Except for the pictures, reproduce the records word for word.

Records from a dataset:
• • • • • • •

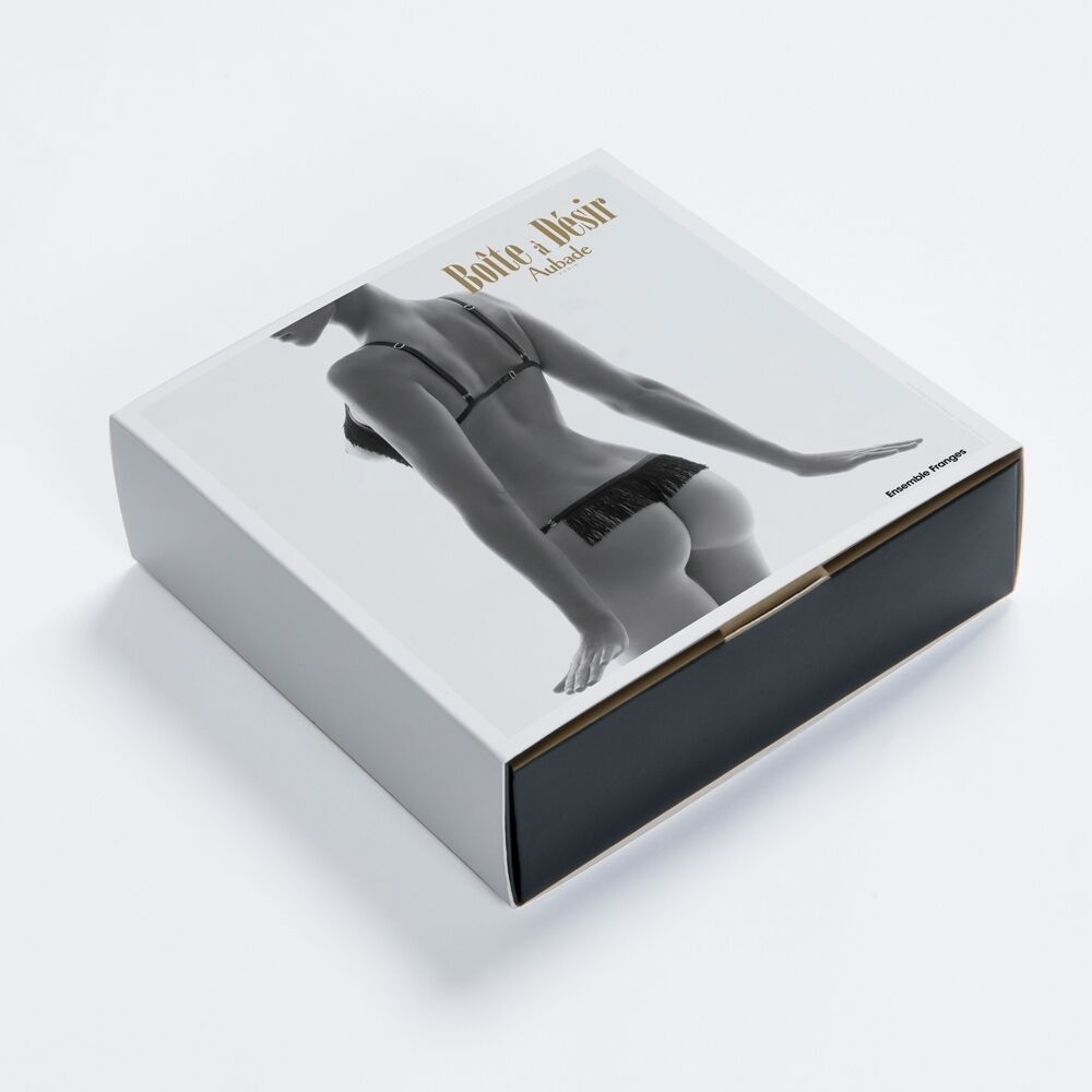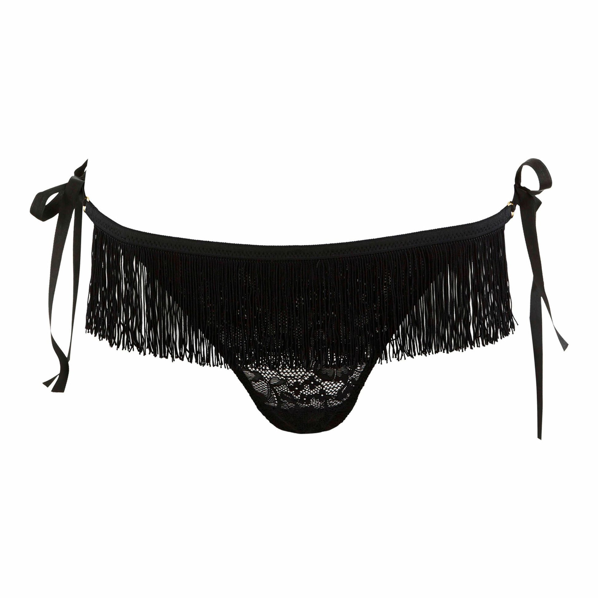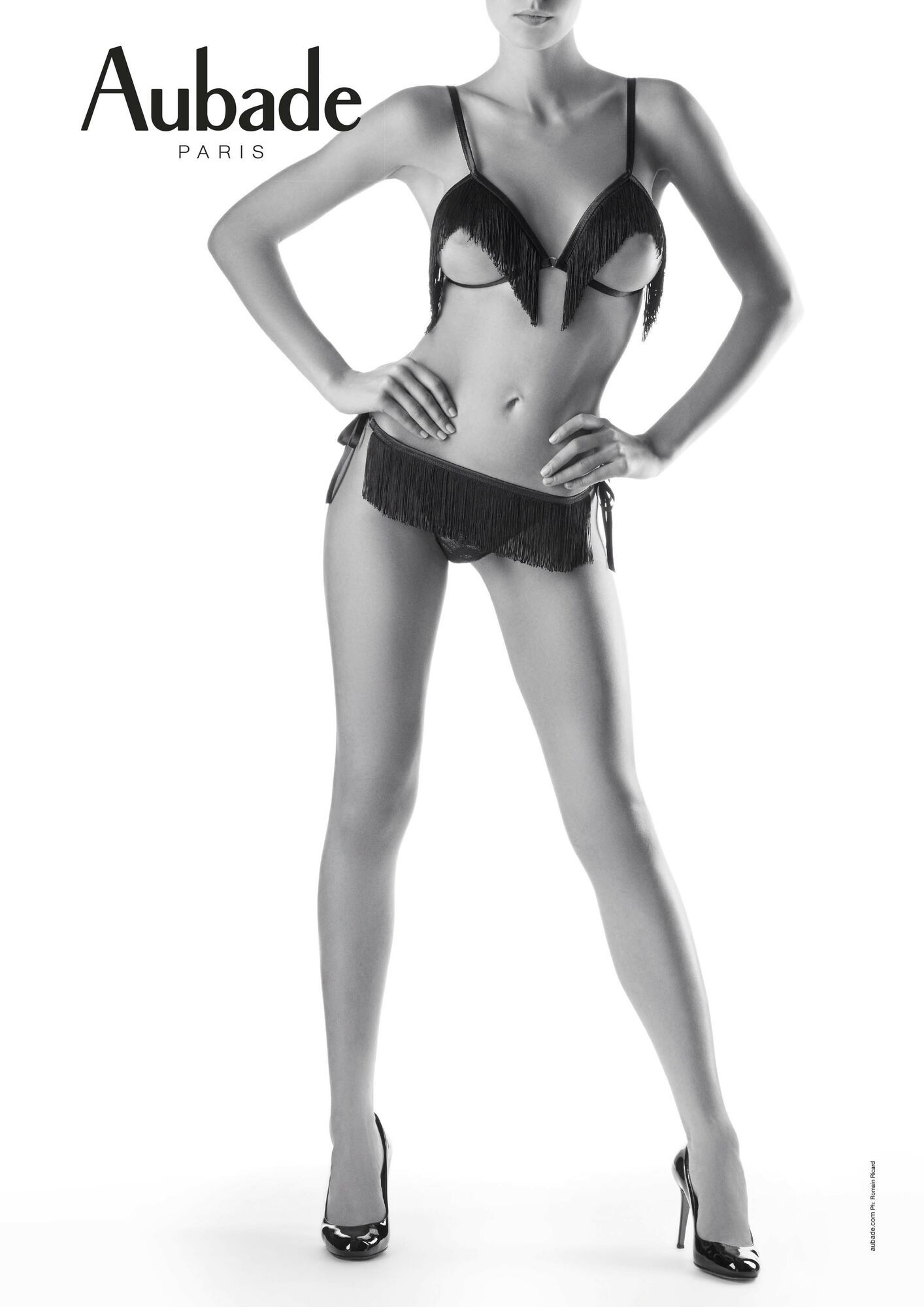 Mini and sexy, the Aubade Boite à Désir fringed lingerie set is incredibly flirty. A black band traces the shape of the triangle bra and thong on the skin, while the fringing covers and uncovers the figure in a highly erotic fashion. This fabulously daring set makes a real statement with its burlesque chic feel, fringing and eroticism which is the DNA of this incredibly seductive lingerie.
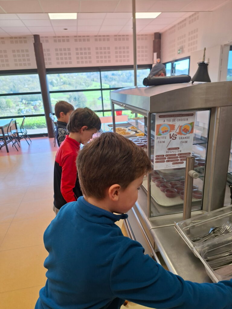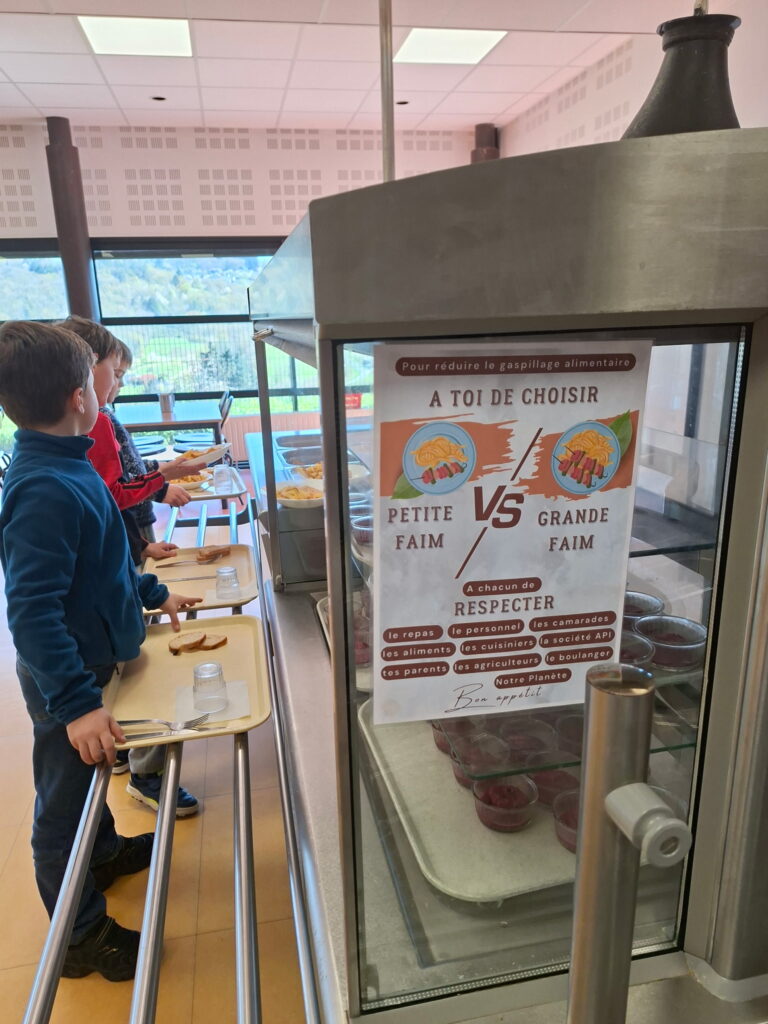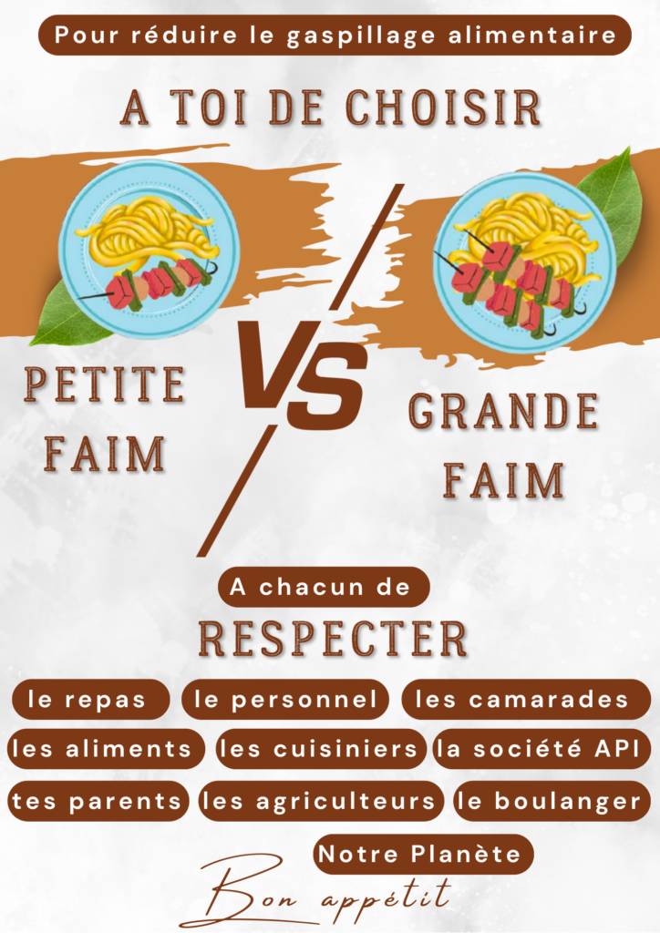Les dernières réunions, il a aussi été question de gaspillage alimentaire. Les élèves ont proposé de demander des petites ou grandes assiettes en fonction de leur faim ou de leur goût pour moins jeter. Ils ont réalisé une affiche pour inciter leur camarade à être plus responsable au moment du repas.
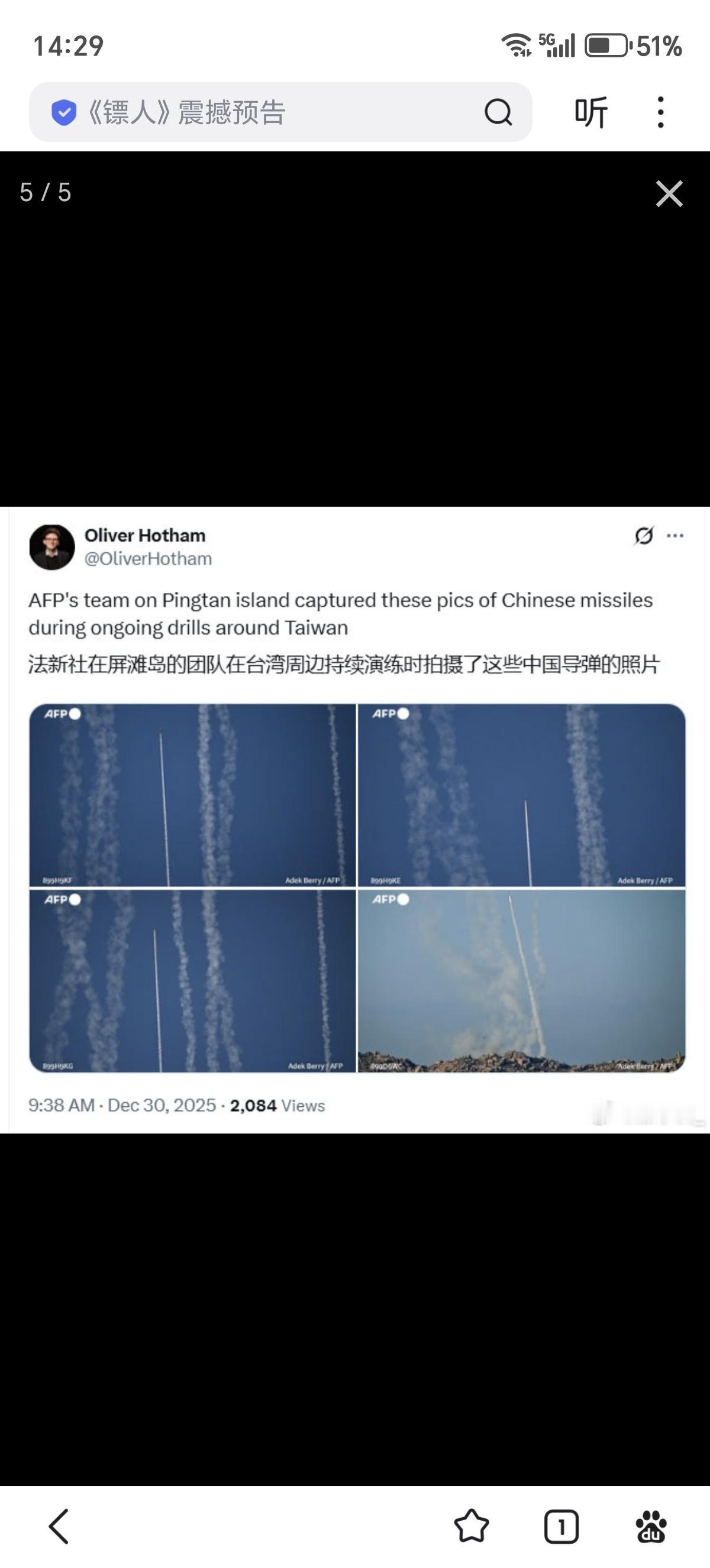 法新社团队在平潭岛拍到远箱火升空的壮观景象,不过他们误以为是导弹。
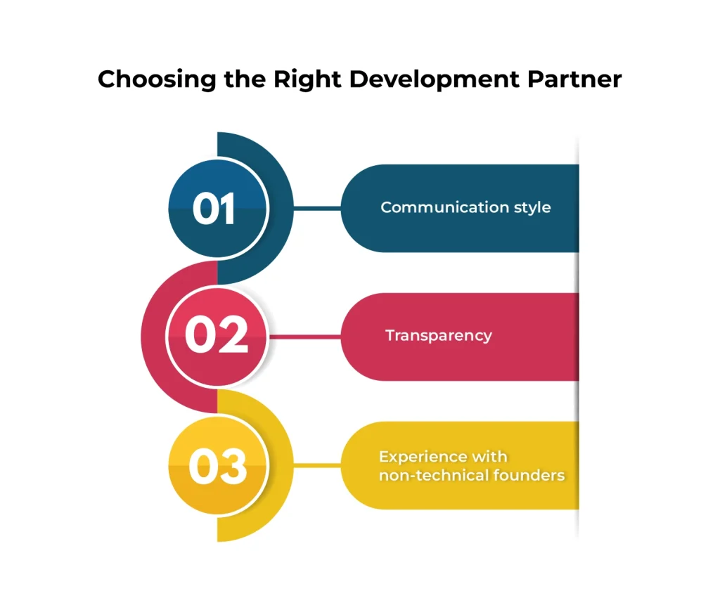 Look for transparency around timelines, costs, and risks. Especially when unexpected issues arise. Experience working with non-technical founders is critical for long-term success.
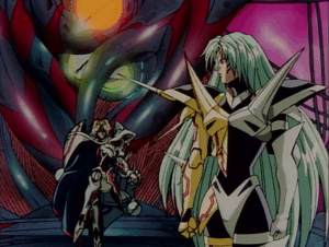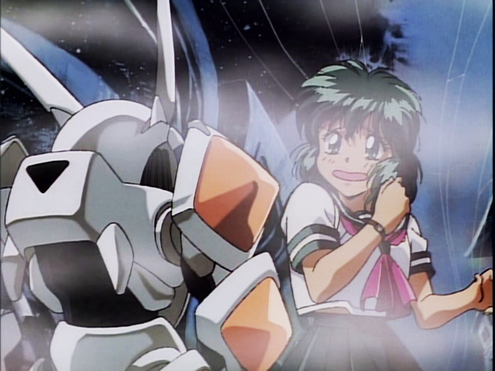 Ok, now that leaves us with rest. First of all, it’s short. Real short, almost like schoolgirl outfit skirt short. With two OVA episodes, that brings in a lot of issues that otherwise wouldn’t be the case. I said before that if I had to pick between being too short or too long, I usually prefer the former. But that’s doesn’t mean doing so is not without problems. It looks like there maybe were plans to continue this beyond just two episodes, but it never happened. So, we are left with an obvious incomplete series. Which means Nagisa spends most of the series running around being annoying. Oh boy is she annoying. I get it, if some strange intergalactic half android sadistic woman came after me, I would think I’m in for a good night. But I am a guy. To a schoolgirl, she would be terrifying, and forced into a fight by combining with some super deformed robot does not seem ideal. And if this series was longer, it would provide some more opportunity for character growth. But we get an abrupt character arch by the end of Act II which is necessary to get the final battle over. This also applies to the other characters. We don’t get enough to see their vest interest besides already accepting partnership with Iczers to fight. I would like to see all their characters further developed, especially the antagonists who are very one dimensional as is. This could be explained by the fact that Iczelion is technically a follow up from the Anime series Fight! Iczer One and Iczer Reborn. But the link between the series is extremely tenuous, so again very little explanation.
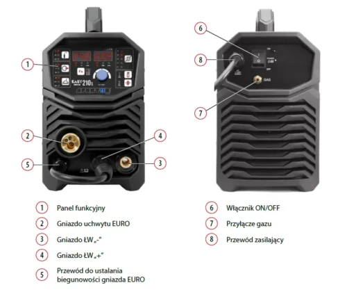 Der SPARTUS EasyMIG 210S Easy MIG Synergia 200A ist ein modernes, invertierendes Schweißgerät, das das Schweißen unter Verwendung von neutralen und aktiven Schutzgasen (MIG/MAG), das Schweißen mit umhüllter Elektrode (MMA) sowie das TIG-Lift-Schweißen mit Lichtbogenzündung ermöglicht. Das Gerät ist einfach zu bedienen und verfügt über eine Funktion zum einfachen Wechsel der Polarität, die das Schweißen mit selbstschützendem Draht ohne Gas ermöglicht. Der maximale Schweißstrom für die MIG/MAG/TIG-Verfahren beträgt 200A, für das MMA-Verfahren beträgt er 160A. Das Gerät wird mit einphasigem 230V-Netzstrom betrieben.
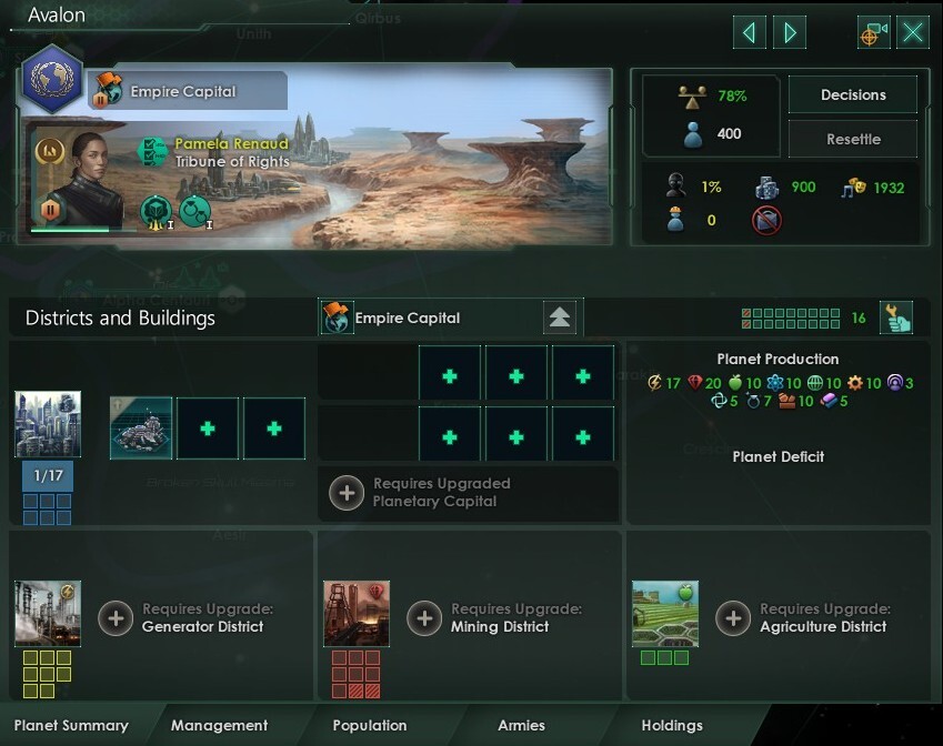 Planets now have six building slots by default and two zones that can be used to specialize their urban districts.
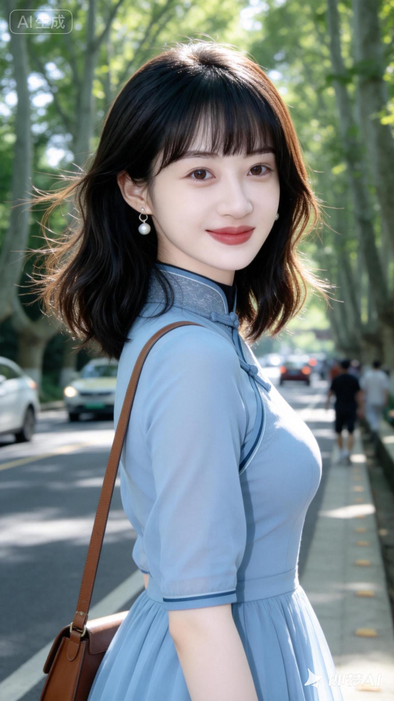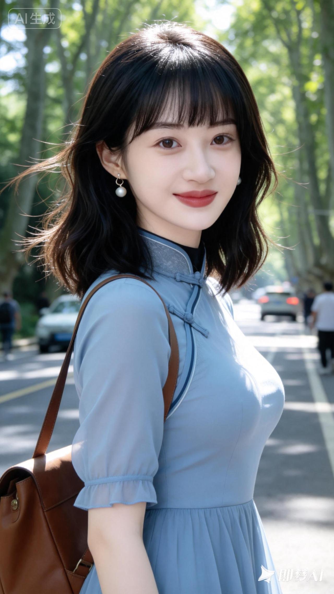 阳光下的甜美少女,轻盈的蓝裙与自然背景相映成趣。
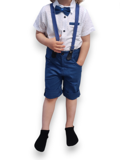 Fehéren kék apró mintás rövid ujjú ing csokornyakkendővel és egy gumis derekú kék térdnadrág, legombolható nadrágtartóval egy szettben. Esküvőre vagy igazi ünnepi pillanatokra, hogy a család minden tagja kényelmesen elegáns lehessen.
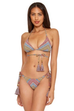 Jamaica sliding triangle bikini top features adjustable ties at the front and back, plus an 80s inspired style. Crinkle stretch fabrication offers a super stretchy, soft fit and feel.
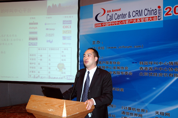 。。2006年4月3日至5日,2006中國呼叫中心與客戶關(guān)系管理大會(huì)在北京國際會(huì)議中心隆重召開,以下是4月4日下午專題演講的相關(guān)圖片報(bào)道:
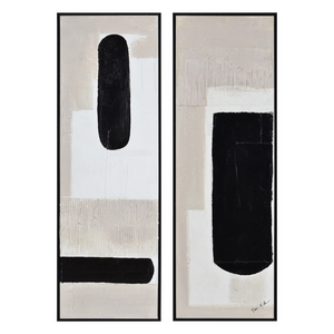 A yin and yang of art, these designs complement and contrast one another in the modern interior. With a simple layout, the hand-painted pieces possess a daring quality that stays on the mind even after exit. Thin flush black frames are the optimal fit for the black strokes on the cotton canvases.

• • • • • • •

RESULT OF THIS EXERCISE |
 Mini and sexy, the Aubade Boite à Désir fringed lingerie set is incredibly flirty. A black band traces the shape of the triangle bra and thong on the skin, while the fringing covers and uncovers the figure in a highly erotic fashion. This fabulously daring set makes a real statement with its burlesque chic feel, fringing and eroticism which is the DNA of this incredibly seductive lingerie.
Les dernières réunions, il a aussi été question de gaspillage alimentaire. Les élèves ont proposé de demander des petites ou grandes assiettes en fonction de leur faim ou de leur goût pour moins jeter. Ils ont réalisé une affiche pour inciter leur camarade à être plus responsable au moment du repas.
 法新社团队在平潭岛拍到远箱火升空的壮观景象,不过他们误以为是导弹。
 Look for transparency around timelines, costs, and risks. Especially when unexpected issues arise. Experience working with non-technical founders is critical for long-term success.
 Ok, now that leaves us with rest. First of all, it’s short. Real short, almost like schoolgirl outfit skirt short. With two OVA episodes, that brings in a lot of issues that otherwise wouldn’t be the case. I said before that if I had to pick between being too short or too long, I usually prefer the former. But that’s doesn’t mean doing so is not without problems. It looks like there maybe were plans to continue this beyond just two episodes, but it never happened. So, we are left with an obvious incomplete series. Which means Nagisa spends most of the series running around being annoying. Oh boy is she annoying. I get it, if some strange intergalactic half android sadistic woman came after me, I would think I’m in for a good night. But I am a guy. To a schoolgirl, she would be terrifying, and forced into a fight by combining with some super deformed robot does not seem ideal. And if this series was longer, it would provide some more opportunity for character growth. But we get an abrupt character arch by the end of Act II which is necessary to get the final battle over. This also applies to the other characters. We don’t get enough to see their vest interest besides already accepting partnership with Iczers to fight. I would like to see all their characters further developed, especially the antagonists who are very one dimensional as is. This could be explained by the fact that Iczelion is technically a follow up from the Anime series Fight! Iczer One and Iczer Reborn. But the link between the series is extremely tenuous, so again very little explanation.
 Der SPARTUS EasyMIG 210S Easy MIG Synergia 200A ist ein modernes, invertierendes Schweißgerät, das das Schweißen unter Verwendung von neutralen und aktiven Schutzgasen (MIG/MAG), das Schweißen mit umhüllter Elektrode (MMA) sowie das TIG-Lift-Schweißen mit Lichtbogenzündung ermöglicht. Das Gerät ist einfach zu bedienen und verfügt über eine Funktion zum einfachen Wechsel der Polarität, die das Schweißen mit selbstschützendem Draht ohne Gas ermöglicht. Der maximale Schweißstrom für die MIG/MAG/TIG-Verfahren beträgt 200A, für das MMA-Verfahren beträgt er 160A. Das Gerät wird mit einphasigem 230V-Netzstrom betrieben.
 Planets now have six building slots by default and two zones that can be used to specialize their urban districts.
 阳光下的甜美少女,轻盈的蓝裙与自然背景相映成趣。
 Fehéren kék apró mintás rövid ujjú ing csokornyakkendővel és egy gumis derekú kék térdnadrág, legombolható nadrágtartóval egy szettben. Esküvőre vagy igazi ünnepi pillanatokra, hogy a család minden tagja kényelmesen elegáns lehessen.
 Jamaica sliding triangle bikini top features adjustable ties at the front and back, plus an 80s inspired style. Crinkle stretch fabrication offers a super stretchy, soft fit and feel.
 。。2006年4月3日至5日,2006中國呼叫中心與客戶關(guān)系管理大會(huì)在北京國際會(huì)議中心隆重召開,以下是4月4日下午專題演講的相關(guān)圖片報(bào)道:
 A yin and yang of art, these designs complement and contrast one another in the modern interior. With a simple layout, the hand-painted pieces possess a daring quality that stays on the mind even after exit. Thin flush black frames are the optimal fit for the black strokes on the cotton canvases.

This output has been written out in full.